When the Bank first paused its rate-hiking cycle in March, economic data showed it was an appropriate move at the time, Brown says, as inflation was easing and home prices were falling.

What took most by surprise, he adds, is how quickly the economy rebounded.

Recent data releases showed the Canadian economy grew more than expected in the first quarter and inflation ticked higher. The labour market had also proved to be resilient, however, that eight-month streak of employment gains was halted in May as employers shed jobs, Statistics Canada reported on Friday.

"The data since April have tipped the balance. The accumulation of evidence across a range of economic indicators suggests that excess demand in the Canadian economy is more persistent than we thought, and this increases the risk that the decline in inflation could stall," Paul Beaudry, deputy governor of the Bank of Canada, said in a speech in B.C. on Thursday.

It's "really easy" to criticize the central bank's moves in hindsight, Reitzes says.

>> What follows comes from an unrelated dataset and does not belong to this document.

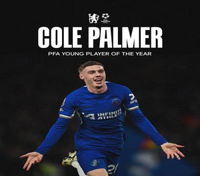 帕尔默在早些时候获评PFA年度最佳年轻球员,他也是切尔西历史上第三位夺得该奖项的球员,并且这些球员全都是在以4为结尾的年份获得的,刚好10年出一位。

Both economists agree that the Bank's communications around the rate pause could have been refined.

"Maybe they didn't have to explicitly say they were on conditional pause and they could have left the door open a bit more. I think from a housing market perspective, maybe that would have been preferable because people wouldn't have maybe been as willing to jump back into the market. But other than that, I think it's really hard to criticize them," Reitzes said.

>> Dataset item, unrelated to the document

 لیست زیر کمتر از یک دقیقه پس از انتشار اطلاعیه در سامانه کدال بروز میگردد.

What about that recession?

With the strong start to the year, many economists have pushed out their calls for a recession.

But Brown says that might be exactly what’s needed to bring inflation back down.

“Recent events suggest it's a growing probability that we might need a recession to get inflation back to 2%. But that's not our base case at the moment,” he said, adding that even the psychological element of a shallow recession could drive consumers to rein in spending and therefore lower inflation.

He’s still forecasting rate cuts in early 2024 but says they could be delivered much slower this time around compared to previous rate-cutting cycles.

Meanwhile, Reitzes says a recession is likely still on the way in the second half of the year, though it’s not a “super high conviction call.”

“I would still call our recession scenario a pretty soft landing, but at some point, rates are going to bite and maybe it's just going to take a little bit longer than expected. And whether that's the second half of this year, or we go through the turn of the year, not quite certain, but at some point you have to expect that rates are going to bite.”